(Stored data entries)
-----
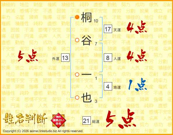 桐谷一也さんの総運は21画の5点!
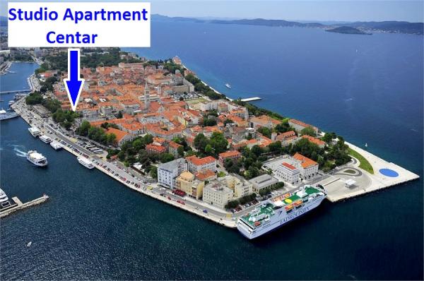 Apartament Center este situat în centrul orașului Zadar. Apartamentul se afla la etajul al patrulea al unei clădiri vizavi de Muzeul Național. Apartamentul se confruntă cu soare și are vedere la mare, zidurile vechi ale orașului, portul și Forumului. Apartamentul este situat in centrul si toate facilitatile turistice sunt situate la 5-10 minute de mers de la apartament. Apartamentul este complet echipat si are tot ce oaspeții au nevoie pentru un sejur confortabil și bucurați-vă de frumusețea orașului Zadar.
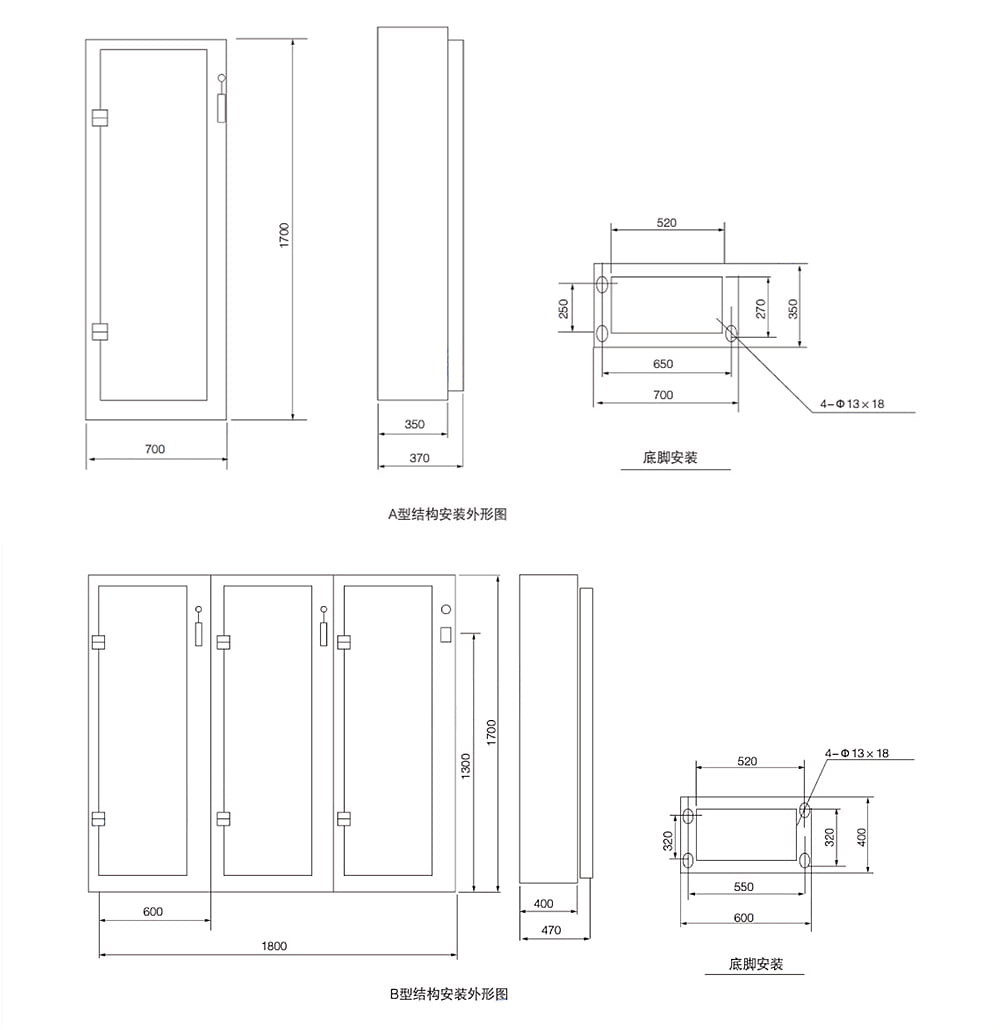 XL-21 型低壓動(dòng)力配電箱系戶內(nèi)裝置墻安裝,屏前檢修。
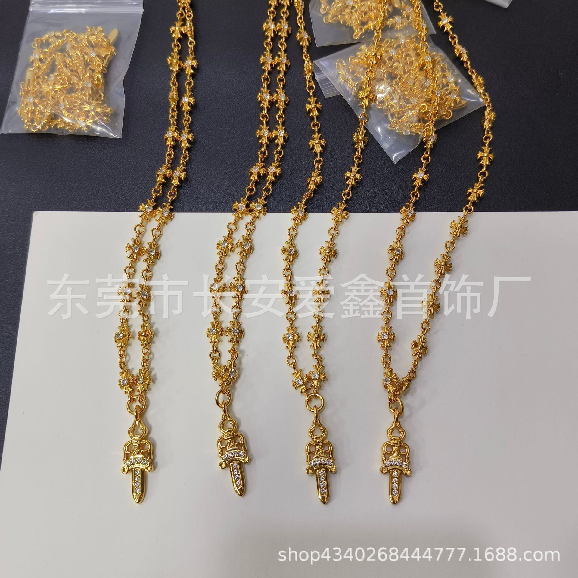 クロクロレトロ古いサイズの宝剣のペンダントのアルファベットの十字の花のボールの潮流のファッションの個性の男女のチェーン
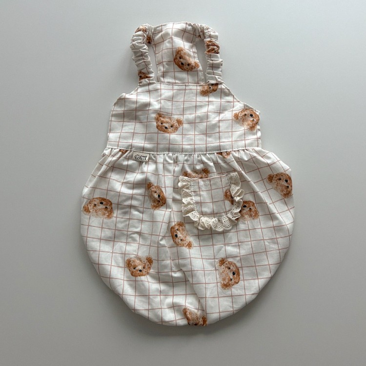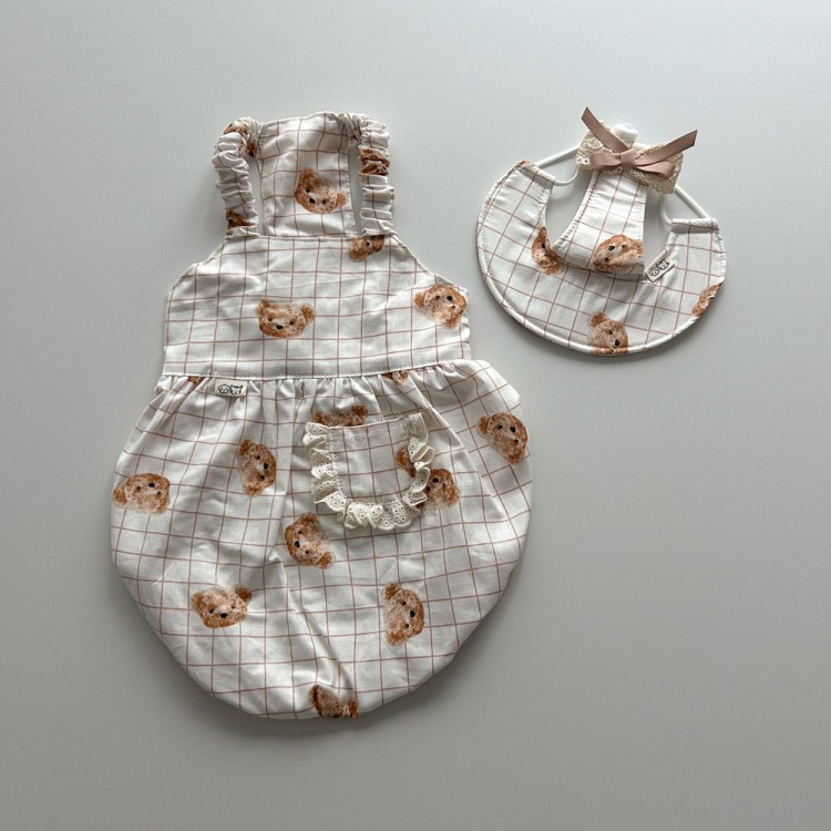 • 개달당 곰돌이체크 호박 나시 벌룬 원피스 썬햇 모자 2종 SET
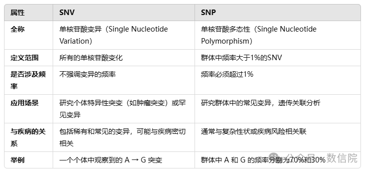 1.SNP是SNV的一个子集,但它更强调在群体中的频率。
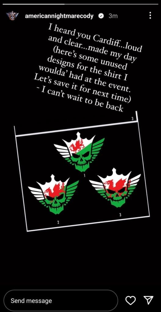 Cody Rhodes took to his Instagram Story on Sunday and shared an unused design he had planned on wearing to Cardiff had he not been injured. Check out Cody Rhodes’ message down below.
-----
(Directions) Print only the lines from the one with "Apartament Center este" through the last line of the data above, exactly and with both ends, and please omit any pictures.

(Expected answer)
 Apartament Center este situat în centrul orașului Zadar. Apartamentul se afla la etajul al patrulea al unei clădiri vizavi de Muzeul Național. Apartamentul se confruntă cu soare și are vedere la mare, zidurile vechi ale orașului, portul și Forumului. Apartamentul este situat in centrul si toate facilitatile turistice sunt situate la 5-10 minute de mers de la apartament. Apartamentul este complet echipat si are tot ce oaspeții au nevoie pentru un sejur confortabil și bucurați-vă de frumusețea orașului Zadar.
 XL-21 型低壓動(dòng)力配電箱系戶內(nèi)裝置墻安裝,屏前檢修。
 クロクロレトロ古いサイズの宝剣のペンダントのアルファベットの十字の花のボールの潮流のファッションの個性の男女のチェーン
 • 개달당 곰돌이체크 호박 나시 벌룬 원피스 썬햇 모자 2종 SET
 1.SNP是SNV的一个子集,但它更强调在群体中的频率。
 Cody Rhodes took to his Instagram Story on Sunday and shared an unused design he had planned on wearing to Cardiff had he not been injured. Check out Cody Rhodes’ message down below.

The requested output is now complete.